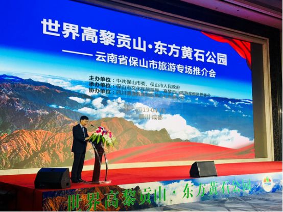 2019年4月10日,“世界高黎貢山·東方黃石公園”保山旅游專場推介會在成都市召開。成都和保山兩地旅游界、航空界、新聞界的嘉賓300多人出席推介會。保山市人民政府副市長宋光興、成都市人民政府副秘書長唐章昭出席推介會并致辭。宋光興副市長指出,成都素有“天府之國”的美譽(yù),自然風(fēng)光雄奇險秀,民族風(fēng)情多姿多彩,巴蜀文化積淀深厚,革命歷史可歌可泣,川菜享譽(yù)四方,川劇獨(dú)具魅力,旅游資源得天獨(dú)厚,是一座傳統(tǒng)與現(xiàn)代結(jié)合得最好的城市,是“一座來了就不想離開的城市”。高黎貢山作為全球生物多樣性最富集的地區(qū),有高等植物4897種,動物2389種,垂直高差達(dá)4000多米,幾乎分布有中國除沙漠之外的所有陸地氣候類型,是國家級自然保護(hù)區(qū),是世界公認(rèn)的地球上最重要的“物種基因庫”、是具有國際重要意義的“世界生物圈保護(hù)區(qū)”,是“三江并流”世界自然遺產(chǎn)的重要組成部分。高黎貢山獨(dú)特的地質(zhì)地貌孕育了保山宜人的氣候、優(yōu)良的生態(tài)、富集的溫泉、秀美的風(fēng)光、多彩的文化和富饒的物產(chǎn),使保山成為云南新興的旅游熱點(diǎn)和宜居城市。希望通過這次旅游推介會,能夠在成都、保山兩地之間架起一座便捷的橋梁,進(jìn)一步深化兩地文化旅游交流合作,共推旅游線路,共拓旅游市場,實(shí)現(xiàn)互惠共贏。
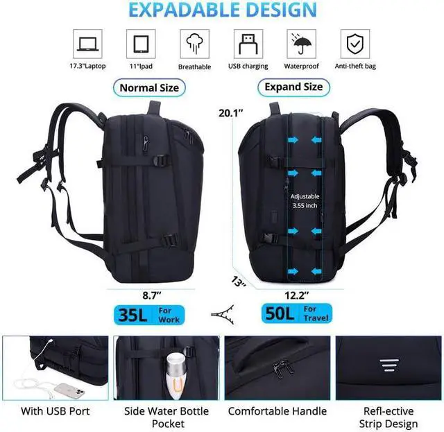 [35L-52L Expandable Travel Backpack]: One backpack has two large-size capacity designs to meet all your needs. The regular capacity is 35L, Size:20x13x8.7 inches. The expanded capacity is 52L,Size:20x13x12.2 inches. You can switch the required capacity according to your daily use.
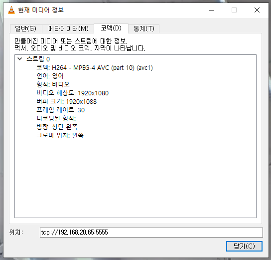 VLC에서 재생할 때의 코덱은 아래와 같이 캡쳐했습니다.
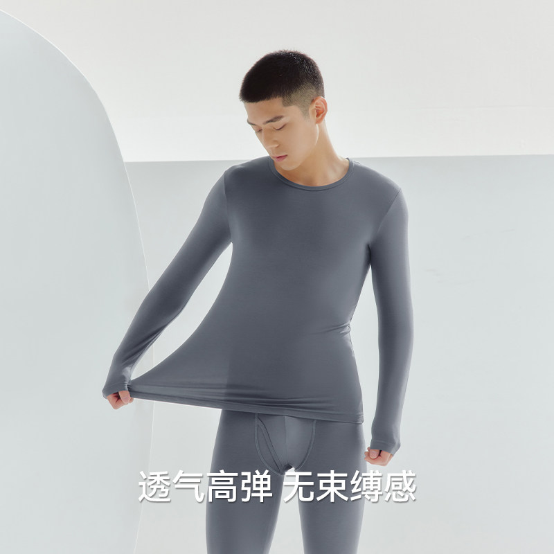 天花花公子男士纯棉保温秋衣秋裤套装保暖内衣单件上衣打底全棉毛衫

☆ ☆ ☆ ☆ ☆ ☆ ☆

**Task directions**
Transcribe the listing above in full. Pictures are not part of the copy.

**Answer below**
 2019年4月10日,“世界高黎貢山·東方黃石公園”保山旅游專場推介會在成都市召開。成都和保山兩地旅游界、航空界、新聞界的嘉賓300多人出席推介會。保山市人民政府副市長宋光興、成都市人民政府副秘書長唐章昭出席推介會并致辭。宋光興副市長指出,成都素有“天府之國”的美譽(yù),自然風(fēng)光雄奇險秀,民族風(fēng)情多姿多彩,巴蜀文化積淀深厚,革命歷史可歌可泣,川菜享譽(yù)四方,川劇獨(dú)具魅力,旅游資源得天獨(dú)厚,是一座傳統(tǒng)與現(xiàn)代結(jié)合得最好的城市,是“一座來了就不想離開的城市”。高黎貢山作為全球生物多樣性最富集的地區(qū),有高等植物4897種,動物2389種,垂直高差達(dá)4000多米,幾乎分布有中國除沙漠之外的所有陸地氣候類型,是國家級自然保護(hù)區(qū),是世界公認(rèn)的地球上最重要的“物種基因庫”、是具有國際重要意義的“世界生物圈保護(hù)區(qū)”,是“三江并流”世界自然遺產(chǎn)的重要組成部分。高黎貢山獨(dú)特的地質(zhì)地貌孕育了保山宜人的氣候、優(yōu)良的生態(tài)、富集的溫泉、秀美的風(fēng)光、多彩的文化和富饒的物產(chǎn),使保山成為云南新興的旅游熱點(diǎn)和宜居城市。希望通過這次旅游推介會,能夠在成都、保山兩地之間架起一座便捷的橋梁,進(jìn)一步深化兩地文化旅游交流合作,共推旅游線路,共拓旅游市場,實(shí)現(xiàn)互惠共贏。
 [35L-52L Expandable Travel Backpack]: One backpack has two large-size capacity designs to meet all your needs. The regular capacity is 35L, Size:20x13x8.7 inches. The expanded capacity is 52L,Size:20x13x12.2 inches. You can switch the required capacity according to your daily use.
 VLC에서 재생할 때의 코덱은 아래와 같이 캡쳐했습니다.
 天花花公子男士纯棉保温秋衣秋裤套装保暖内衣单件上衣打底全棉毛衫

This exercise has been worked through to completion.